→ **ACTION ITEM**
Once the pictures are set aside, transcribe each line of the data exactly.

Records excerpted from a collection:

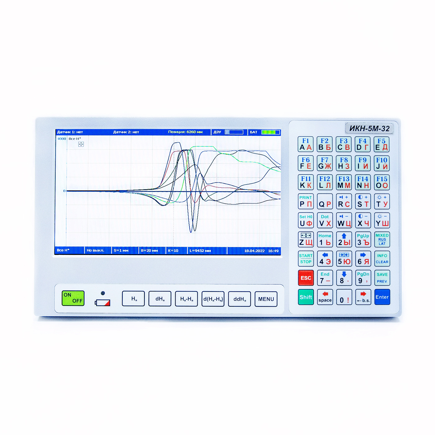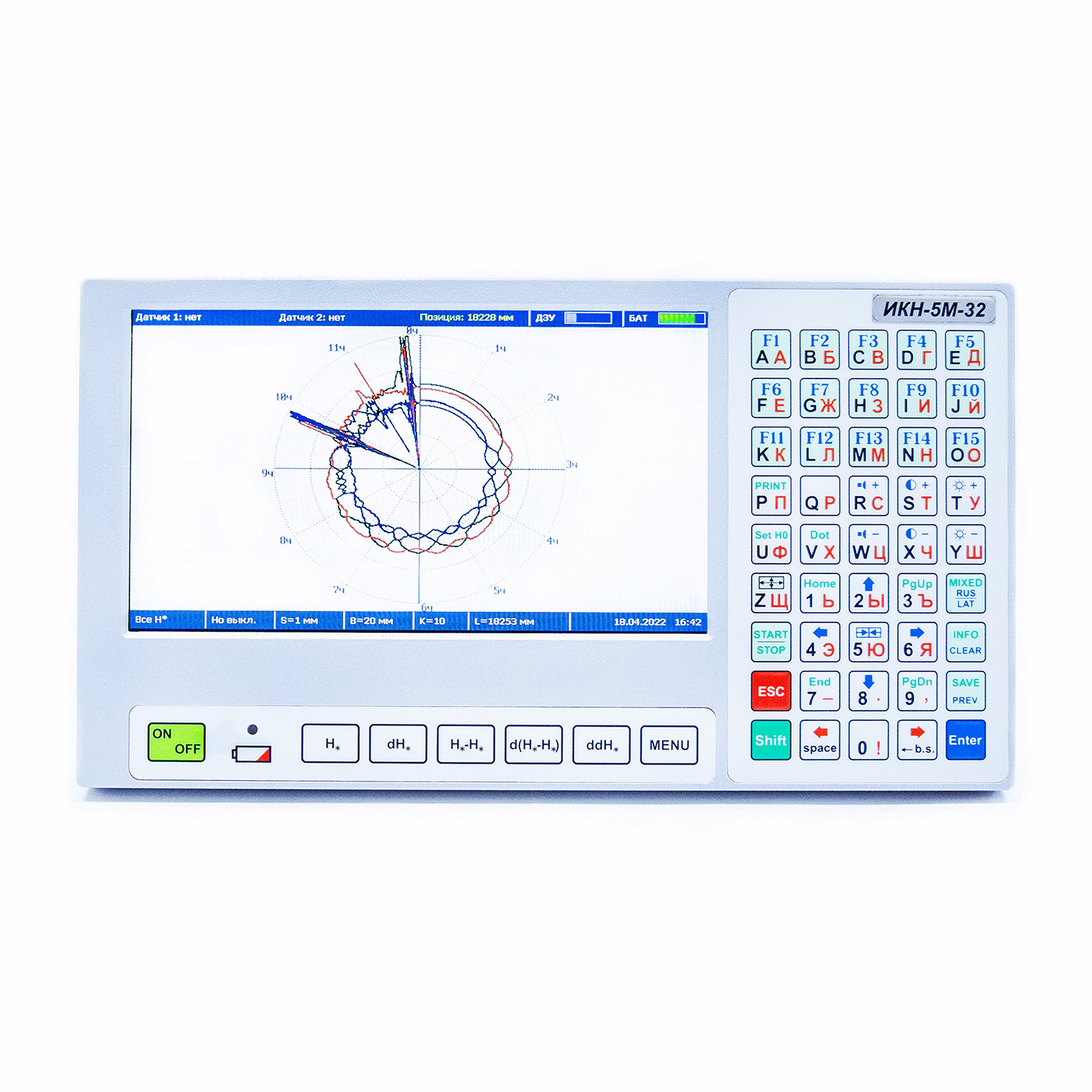 - Basic keyboard (45 keys) with complete set of figures and letters (Russian and English) allowing not only to control the inspection process but also to make the necessary records and comments to the instrument memory and additional keyboard (7 keys) for extended functions of the data processing program on the instrument
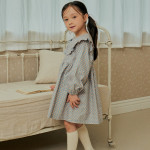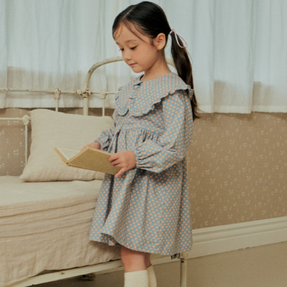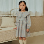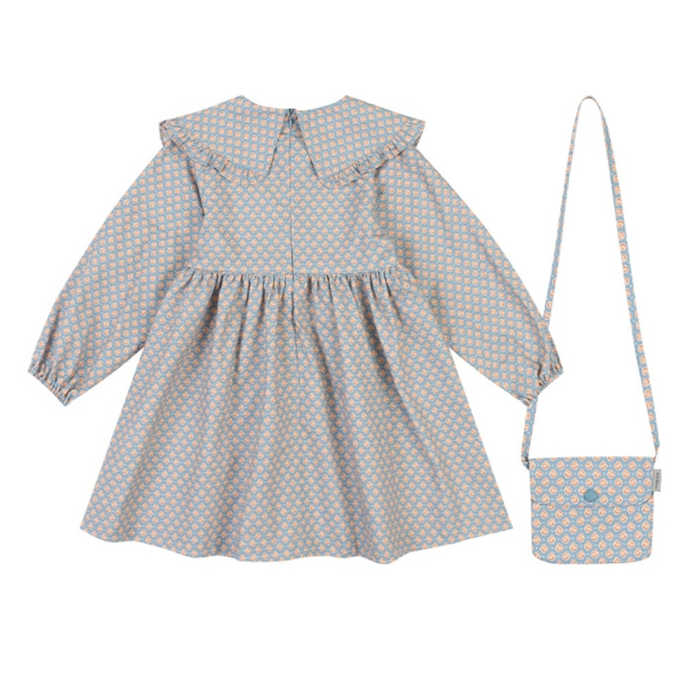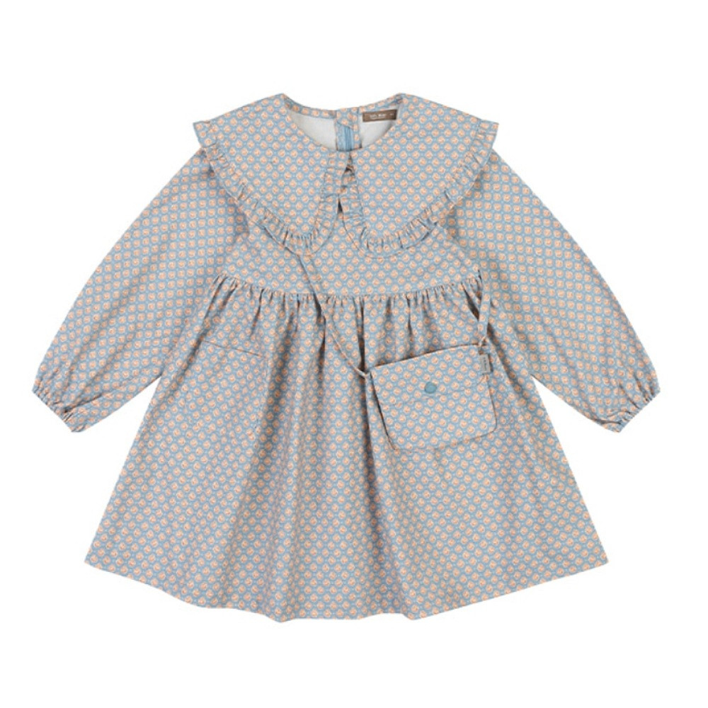 프릴이 달린 빅카라로 포인트를 준 원피스입니다. 어린이들이 좋아하는 가방이 세트입니다.
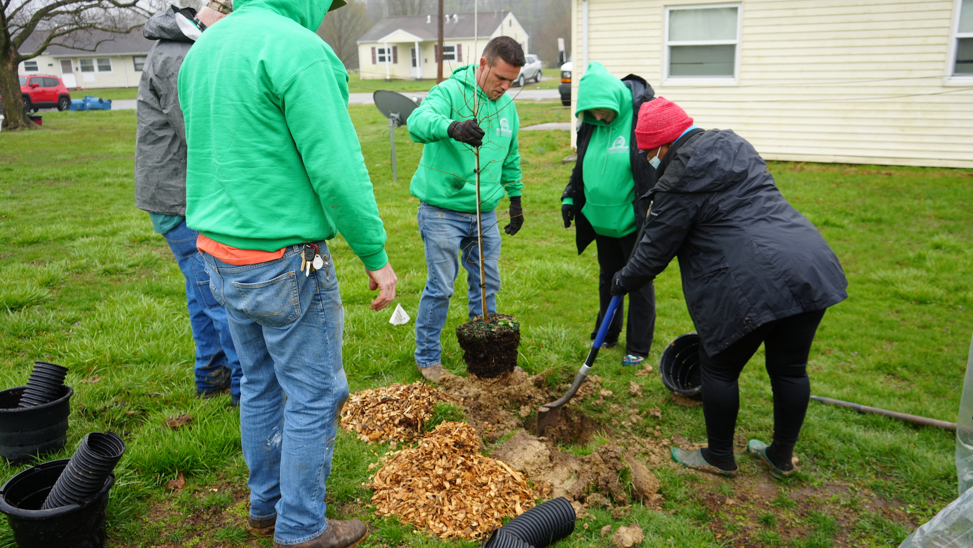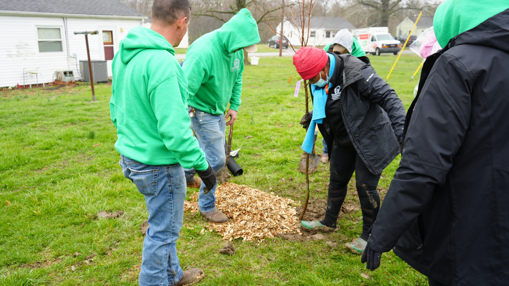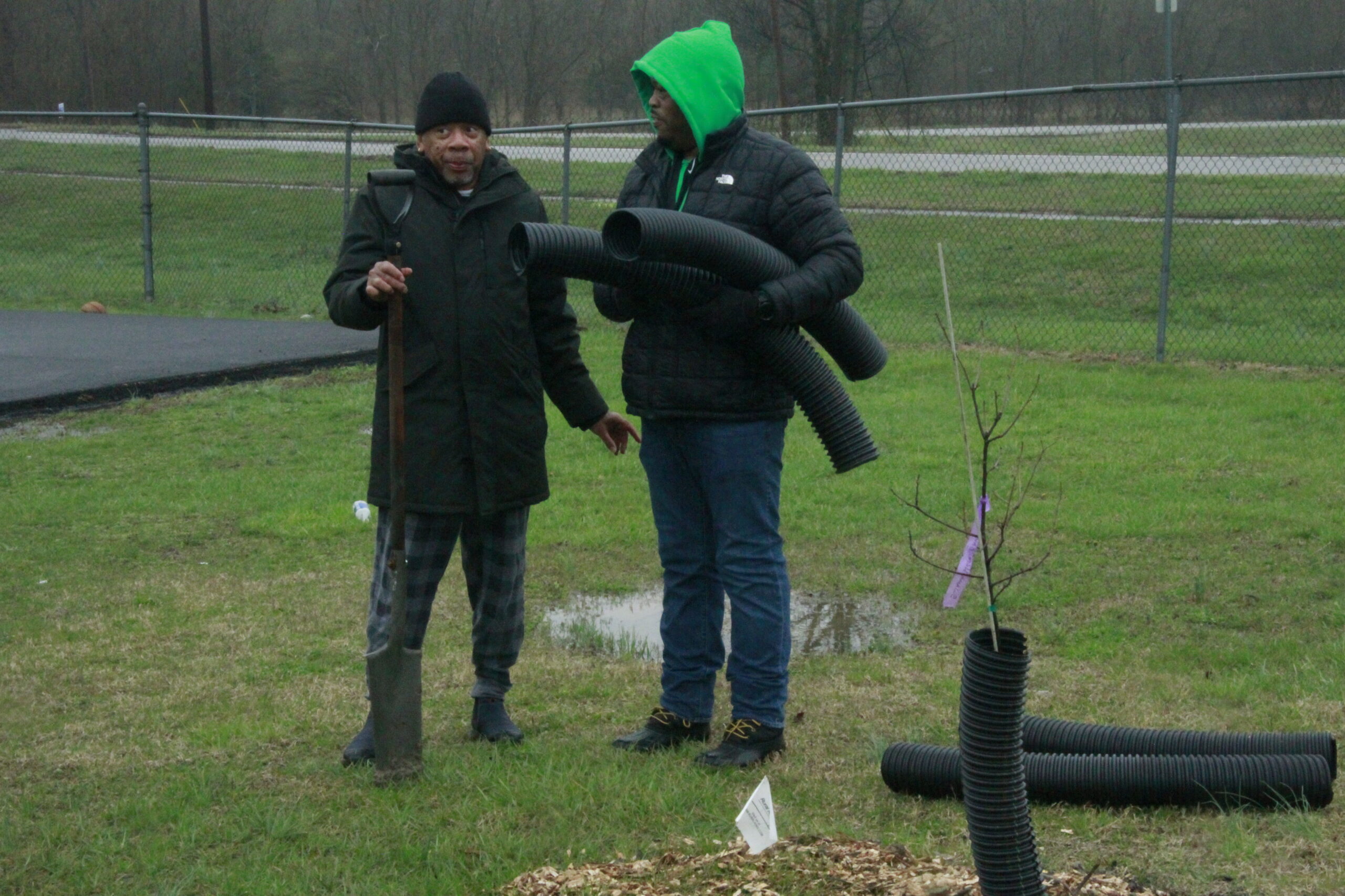 Jane Cogie of the Shawnee Group Sierra Club, Wade Halva of Faith in Place, and Marilyn Tipton of Carbondale Food Autonomy came together through the Tree Equity Group of the Downstate Caucus of the Clean Jobs Coalition with the intention of improving tree equity in southern Illinois. They collaborated with the Jackson County Housing Authority to apply for a Trees Forever RRR grant to plant at the Bridgewood public housing community in Murphysboro.
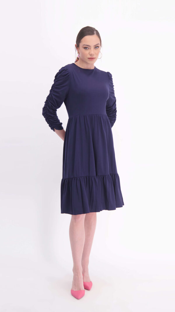 | מידה | היקף חזה | היקף מותן | היקף ירכיים | אורך שמלה |
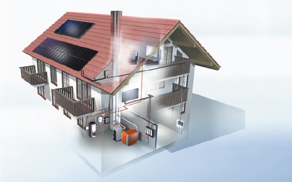 Die Sonne strahlt eine gewaltige Energiemenge zur Erde. In einer halben Stunde kommt so viel Sonnenstrahlung auf dem Globus an, dass damit der gesamte jährliche Welt-Energieverbrauch gedeckt werden könnte. Für die Nutzung der Solarenergie stehen in Deutschland Millionen Quadratmeter an technisch sinnvoll verfügbaren Flächen zur Verfügung. Solaranlagen sind komplette, leistungsfähige Systeme. Je nach Auslegung sind sie in der Lage, den Energiebedarf eines Einfamilienhauses zur Warmwasserbereitung im Jahresmittel bis zu zwei Dritteln zu decken. Auf dem Dach montierte Sonnenkollektoren bedienen die Speicheranlage im Keller für warmes Wasser und zur Unterstützung der Heizungsanlage.

→ **RESULT BELOW**
 - Basic keyboard (45 keys) with complete set of figures and letters (Russian and English) allowing not only to control the inspection process but also to make the necessary records and comments to the instrument memory and additional keyboard (7 keys) for extended functions of the data processing program on the instrument
 프릴이 달린 빅카라로 포인트를 준 원피스입니다. 어린이들이 좋아하는 가방이 세트입니다.
 Jane Cogie of the Shawnee Group Sierra Club, Wade Halva of Faith in Place, and Marilyn Tipton of Carbondale Food Autonomy came together through the Tree Equity Group of the Downstate Caucus of the Clean Jobs Coalition with the intention of improving tree equity in southern Illinois. They collaborated with the Jackson County Housing Authority to apply for a Trees Forever RRR grant to plant at the Bridgewood public housing community in Murphysboro.
 | מידה | היקף חזה | היקף מותן | היקף ירכיים | אורך שמלה |
 Die Sonne strahlt eine gewaltige Energiemenge zur Erde. In einer halben Stunde kommt so viel Sonnenstrahlung auf dem Globus an, dass damit der gesamte jährliche Welt-Energieverbrauch gedeckt werden könnte. Für die Nutzung der Solarenergie stehen in Deutschland Millionen Quadratmeter an technisch sinnvoll verfügbaren Flächen zur Verfügung. Solaranlagen sind komplette, leistungsfähige Systeme. Je nach Auslegung sind sie in der Lage, den Energiebedarf eines Einfamilienhauses zur Warmwasserbereitung im Jahresmittel bis zu zwei Dritteln zu decken. Auf dem Dach montierte Sonnenkollektoren bedienen die Speicheranlage im Keller für warmes Wasser und zur Unterstützung der Heizungsanlage.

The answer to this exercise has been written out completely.